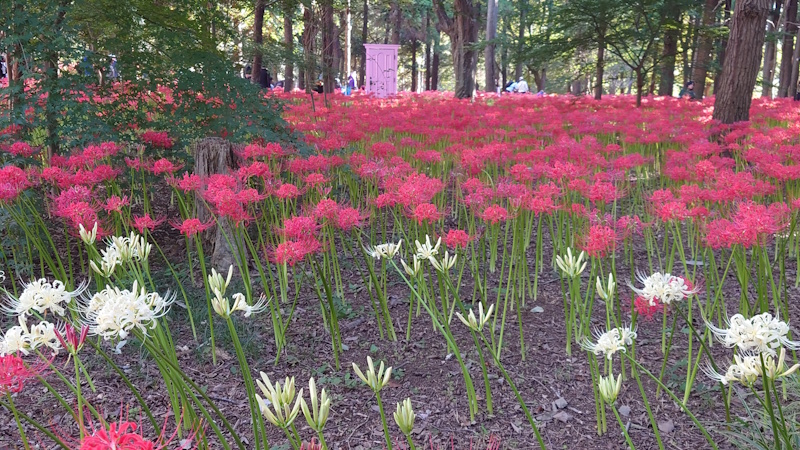 赤い彼岸花が埋め尽くす中、場所によっては白の彼岸花が咲く所も
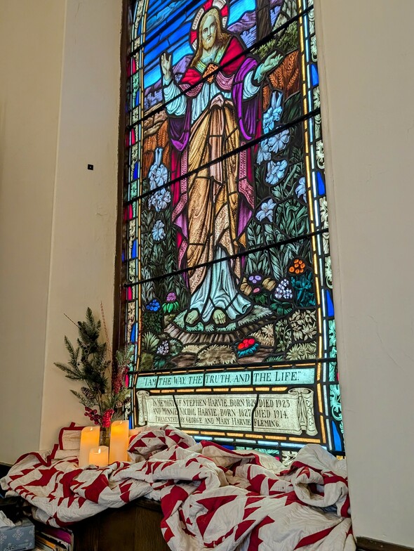 If you are unable to be with us in-person during the season of Advent and Christmas, we would like to share some images from the beautiful quilts that have been shared by members of this faith family, as well as the how the sanctuary and Heritage Room have been decorated. Following the Sanctified Arts resource of 'Words for the Beginning', six of the beautiful artist images were printed and mounted and are displayed in the sanctuary, and the logo hangs from the pulpit.
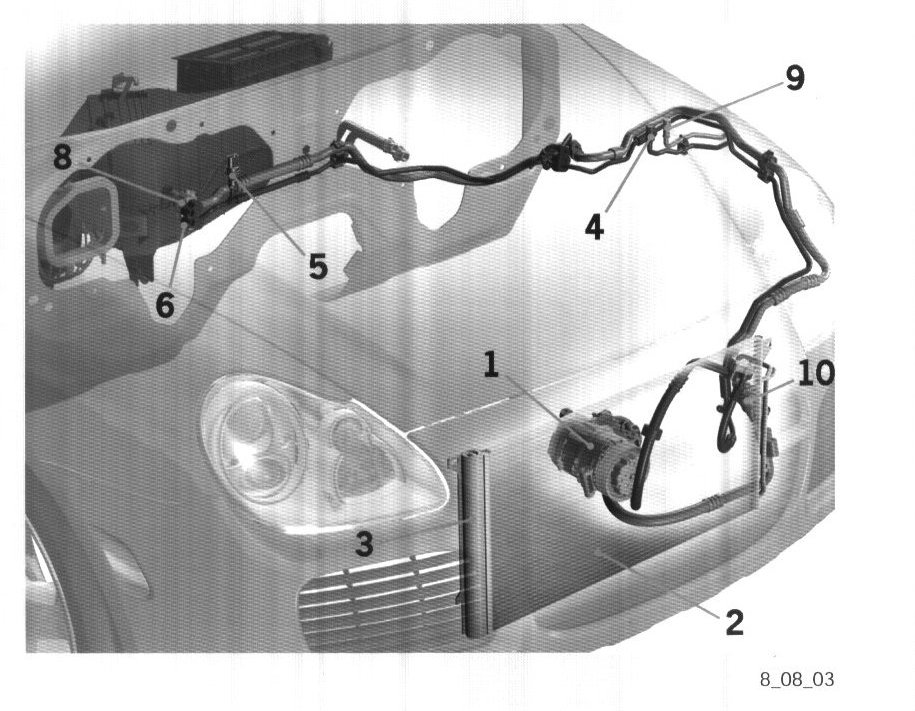 The cold air circulation in the Cayenne is set up so that the compressor and the expansion valve are the classic separations between high and low pressure sides.
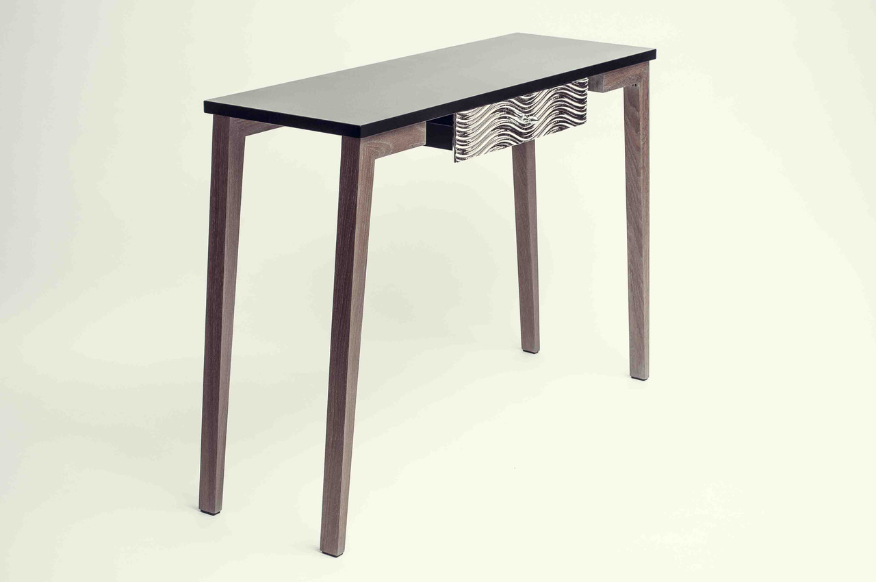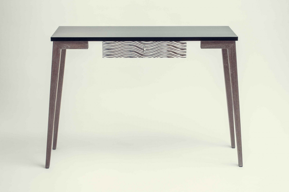 Травленый дуб благородного темного цвета, посеребрённый вручную фасад декорированный резьбой выделяют консоль Iota даже в роскошных интерьерах в стиле Ар-деко. Её можно использовать, как призеркальный или туалетный столик, интерьерный столик для цветов, картин и предметов декора. За ней можно поработать с ноутбуком или планшетом, а благодаря фасадам с обеих сторон она хорошо смотрится по центру комнаты.
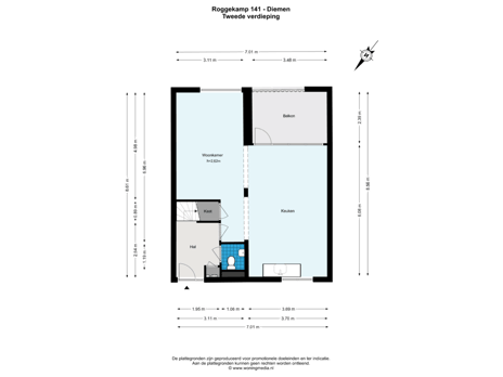 De informatie is door ons met de nodige zorg samengesteld. Voor enige onvolledigheid, onjuistheid of anderszins, dan wel de gevolgen daarvan, wordt onzerzijds echter geen aansprakelijkheid aanvaard. De woning is ingemeten volgens de branche brede meetinstructie, gebaseerd op de NEN-2580-norm.
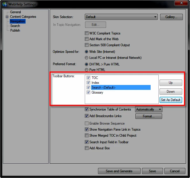 Hi! I am using RoboHelp 10 and generating WebHelp. I am using traditional/no skin, and I am including toolbar buttons for a TOC and Search. My understanding is that the help should display the Contents in the left pane when you open it (I don't have the option to reorder the buttons with no skin), but it is opening to the Search in the left pane instead. I have had my client clear his browser cache, but the file still opens to the Search (see pic below). Any ideas?
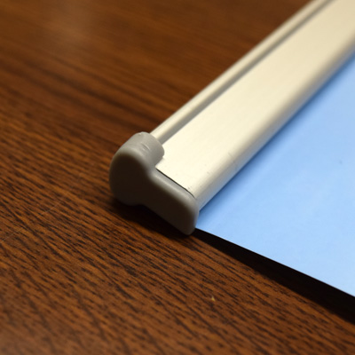 バナースタンドは印刷メディアを掛け軸のように取り付けて支柱を立てて自立させるスタンド看板なので部材もシンプル。上下のバーと支柱のみになります。また、上下のバーの左右にはエンドキャップが付いておりますのでこちらのエンドキャップがあるかどうかも念のためご確認ください。
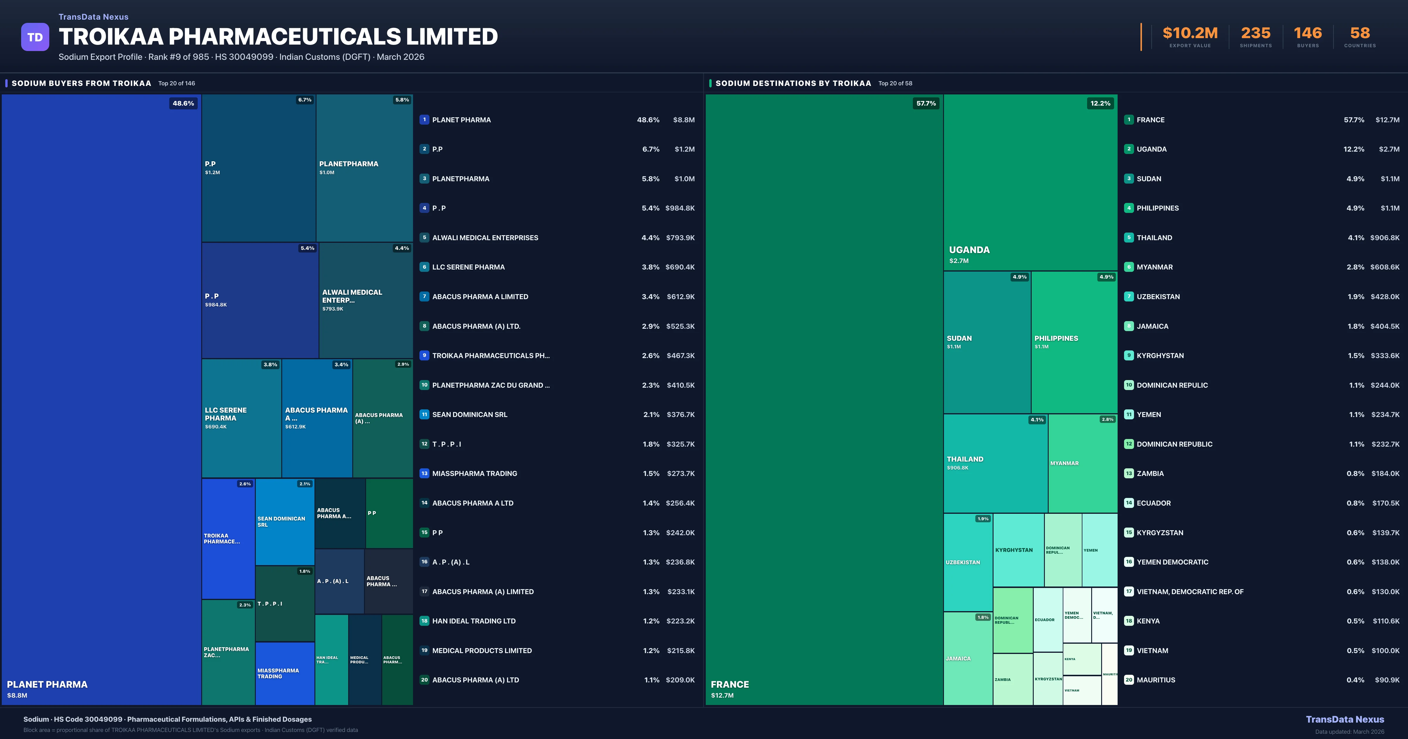 Troikaa Pharmaceuticals Limited — Sodium Export Profile: Buyers & Destinations
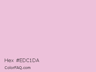 Hex #edc1da Color is a very light magenta color and the nearest color is Melanie #e4c2d5. Hex code #edc1da and RGB value is rgb(237,193,218). In RGB color space, this color is composed of 93% red, 76% green, 85% blue, In CMYK color space, this color is composed of 0% cyan, 19% magenta, 8% yellow , 7% black , In HSL color space, this color has a hue angle of 326° , 55% saturation and 84% lightness.
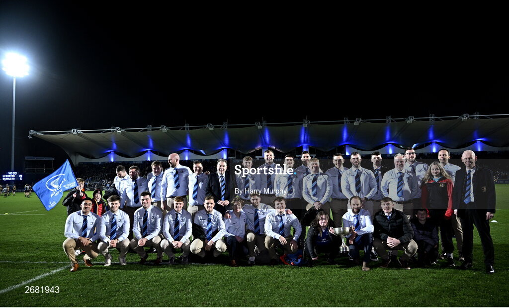 18 November 2023; The Leinster Junior interpro team with their trophy at half-time in United Rugby Championship match between Leinster and Scarlets at the RDS Arena in Dublin. Photo by Harry Murphy/Sportsfile
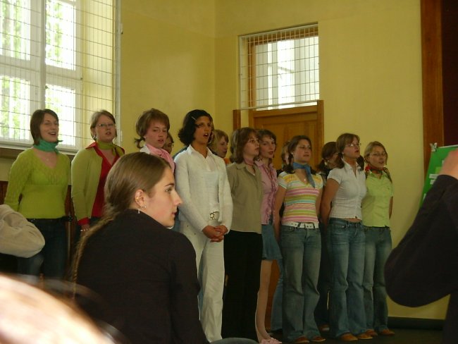Oprócz obecnych jej podopiecznych wystąpiło również dwoje absolwentów: Marta i Piotrek. Scenki były przeplatane krótkimi prezentacjami o innych państwach. Całą uroczystość muzycznie wspomógł wcześniej wspomniany pan Artur ze swoją instrumentalną ekipą, która wykonała m.in. „Taniec węgierski”.
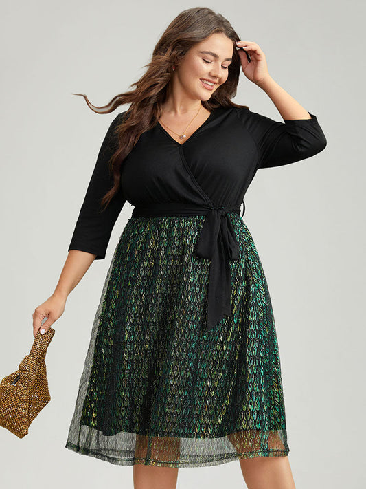 Geometric Patchwork Mesh Wrap Belted Dress
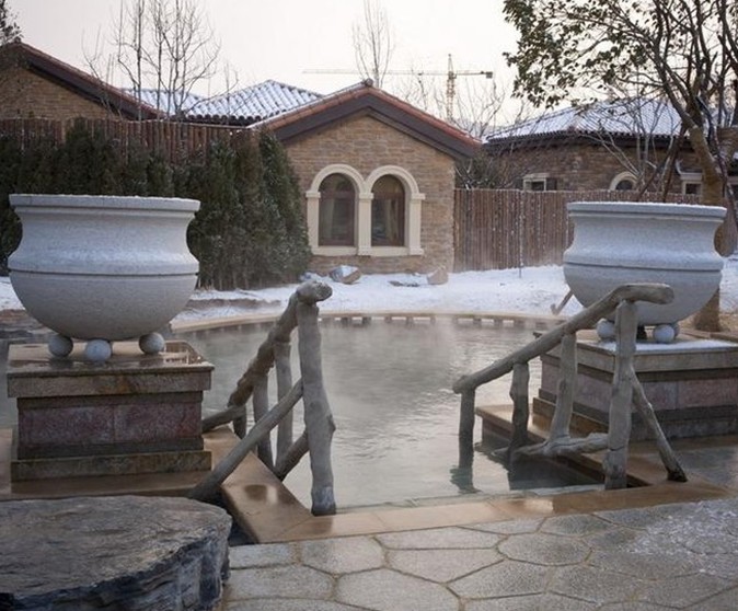 溫泉度假村的溫泉水溫度高達88℃,礦化度10.81克/升,其中含有醫(yī)療價值較高的氟、溴、鍶等30多種微量元素,對治療高血壓、冠心病、神經(jīng)衰弱、風(fēng)濕性關(guān)節(jié)炎、腰腿痛等骨質(zhì)性疾病有良好的輔助療效。
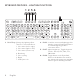 KEYBOARD FEATURES - LIGHTING FUNCTIONS 1 2 3 4 1. FN + F5 key: Change the lighting effect. There are 7 onboard effects: 1. Color wave (left to right) 2. Color wave (right to left) 3. Color wave (center out) 4. Breathing 5. Color cycling 6. Ripple 7. Solid Cyan color 4 English 2. FN+F6: Load the customized lighting profile saved in Logitech Gaming Software. The default lighting profile is colorwave effect. 3. FN+F7: Adjust brightness. Toggles between 5 levels - 0%/off, 25%, 50%, 75%, 100%/Max. 4.
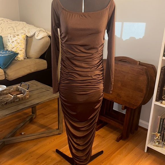 Brown off shoulders dress! Only worn once for a wedding. Like new dress!!
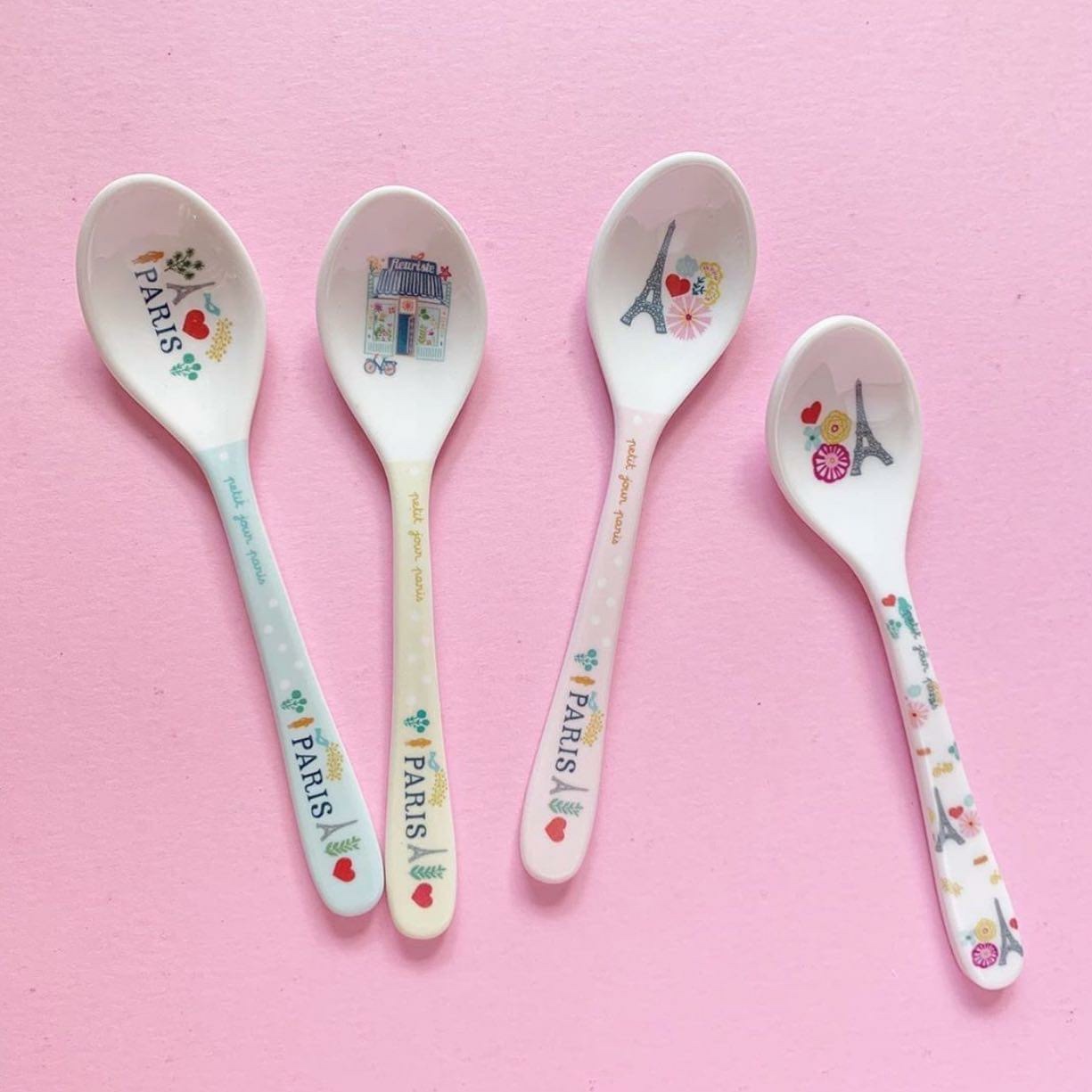 大口注文・法人のお問い合わせはこちら陶器のような高品質メラミン食器です。とっても口当たりがよく滑らかで、このスプーンばかり使ってしまうというお声をよくいただきます。 特殊なコーティング加工によりキズがつきにくく、イラストの美しい発色とツヤ感が長期間続くのが特徴です。 花とパリの風景をモチーフに、優しい色とタッチで描かれたデザインで、プレートやマグとの相性も良く、ティースプーンとしてお使いいただけば、来客時のおもてなしなど、優雅なティータイムを演出してくれます。 幅広い年齢層に人気のKlin d’Oeil(パリのアトリエ)コレクションは、プレゼントとしてもオススメです。
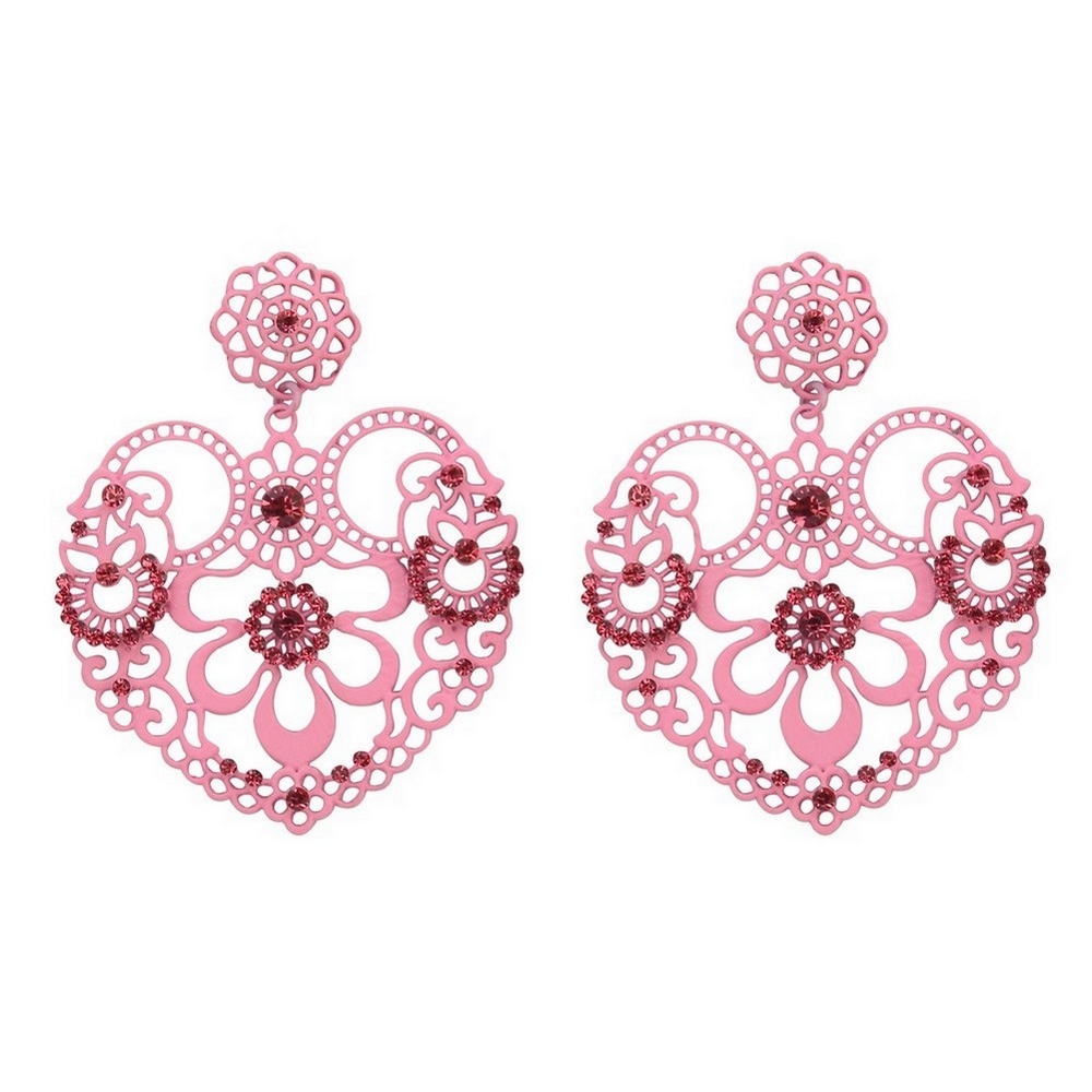 Stud & drop earring crystal glass art nouveau filigree designs pink heart
--------------------
> [Your assignment] Output every record exactly, minus the pictures.

> [Answer for this exercise]
 赤い彼岸花が埋め尽くす中、場所によっては白の彼岸花が咲く所も
 If you are unable to be with us in-person during the season of Advent and Christmas, we would like to share some images from the beautiful quilts that have been shared by members of this faith family, as well as the how the sanctuary and Heritage Room have been decorated. Following the Sanctified Arts resource of 'Words for the Beginning', six of the beautiful artist images were printed and mounted and are displayed in the sanctuary, and the logo hangs from the pulpit.
 The cold air circulation in the Cayenne is set up so that the compressor and the expansion valve are the classic separations between high and low pressure sides.
 Травленый дуб благородного темного цвета, посеребрённый вручную фасад декорированный резьбой выделяют консоль Iota даже в роскошных интерьерах в стиле Ар-деко. Её можно использовать, как призеркальный или туалетный столик, интерьерный столик для цветов, картин и предметов декора. За ней можно поработать с ноутбуком или планшетом, а благодаря фасадам с обеих сторон она хорошо смотрится по центру комнаты.
 De informatie is door ons met de nodige zorg samengesteld. Voor enige onvolledigheid, onjuistheid of anderszins, dan wel de gevolgen daarvan, wordt onzerzijds echter geen aansprakelijkheid aanvaard. De woning is ingemeten volgens de branche brede meetinstructie, gebaseerd op de NEN-2580-norm.
 Hi! I am using RoboHelp 10 and generating WebHelp. I am using traditional/no skin, and I am including toolbar buttons for a TOC and Search. My understanding is that the help should display the Contents in the left pane when you open it (I don't have the option to reorder the buttons with no skin), but it is opening to the Search in the left pane instead. I have had my client clear his browser cache, but the file still opens to the Search (see pic below). Any ideas?
 バナースタンドは印刷メディアを掛け軸のように取り付けて支柱を立てて自立させるスタンド看板なので部材もシンプル。上下のバーと支柱のみになります。また、上下のバーの左右にはエンドキャップが付いておりますのでこちらのエンドキャップがあるかどうかも念のためご確認ください。
 Troikaa Pharmaceuticals Limited — Sodium Export Profile: Buyers & Destinations
 Hex #edc1da Color is a very light magenta color and the nearest color is Melanie #e4c2d5. Hex code #edc1da and RGB value is rgb(237,193,218). In RGB color space, this color is composed of 93% red, 76% green, 85% blue, In CMYK color space, this color is composed of 0% cyan, 19% magenta, 8% yellow , 7% black , In HSL color space, this color has a hue angle of 326° , 55% saturation and 84% lightness.
 18 November 2023; The Leinster Junior interpro team with their trophy at half-time in United Rugby Championship match between Leinster and Scarlets at the RDS Arena in Dublin. Photo by Harry Murphy/Sportsfile
Oprócz obecnych jej podopiecznych wystąpiło również dwoje absolwentów: Marta i Piotrek. Scenki były przeplatane krótkimi prezentacjami o innych państwach. Całą uroczystość muzycznie wspomógł wcześniej wspomniany pan Artur ze swoją instrumentalną ekipą, która wykonała m.in. „Taniec węgierski”.
 Geometric Patchwork Mesh Wrap Belted Dress
 溫泉度假村的溫泉水溫度高達88℃,礦化度10.81克/升,其中含有醫(yī)療價值較高的氟、溴、鍶等30多種微量元素,對治療高血壓、冠心病、神經(jīng)衰弱、風(fēng)濕性關(guān)節(jié)炎、腰腿痛等骨質(zhì)性疾病有良好的輔助療效。
 KEYBOARD FEATURES - LIGHTING FUNCTIONS 1 2 3 4 1. FN + F5 key: Change the lighting effect. There are 7 onboard effects: 1. Color wave (left to right) 2. Color wave (right to left) 3. Color wave (center out) 4. Breathing 5. Color cycling 6. Ripple 7. Solid Cyan color 4 English 2. FN+F6: Load the customized lighting profile saved in Logitech Gaming Software. The default lighting profile is colorwave effect. 3. FN+F7: Adjust brightness. Toggles between 5 levels - 0%/off, 25%, 50%, 75%, 100%/Max. 4.
 Brown off shoulders dress! Only worn once for a wedding. Like new dress!!
 大口注文・法人のお問い合わせはこちら陶器のような高品質メラミン食器です。とっても口当たりがよく滑らかで、このスプーンばかり使ってしまうというお声をよくいただきます。 特殊なコーティング加工によりキズがつきにくく、イラストの美しい発色とツヤ感が長期間続くのが特徴です。 花とパリの風景をモチーフに、優しい色とタッチで描かれたデザインで、プレートやマグとの相性も良く、ティースプーンとしてお使いいただけば、来客時のおもてなしなど、優雅なティータイムを演出してくれます。 幅広い年齢層に人気のKlin d’Oeil(パリのアトリエ)コレクションは、プレゼントとしてもオススメです。
 Stud & drop earring crystal glass art nouveau filigree designs pink heart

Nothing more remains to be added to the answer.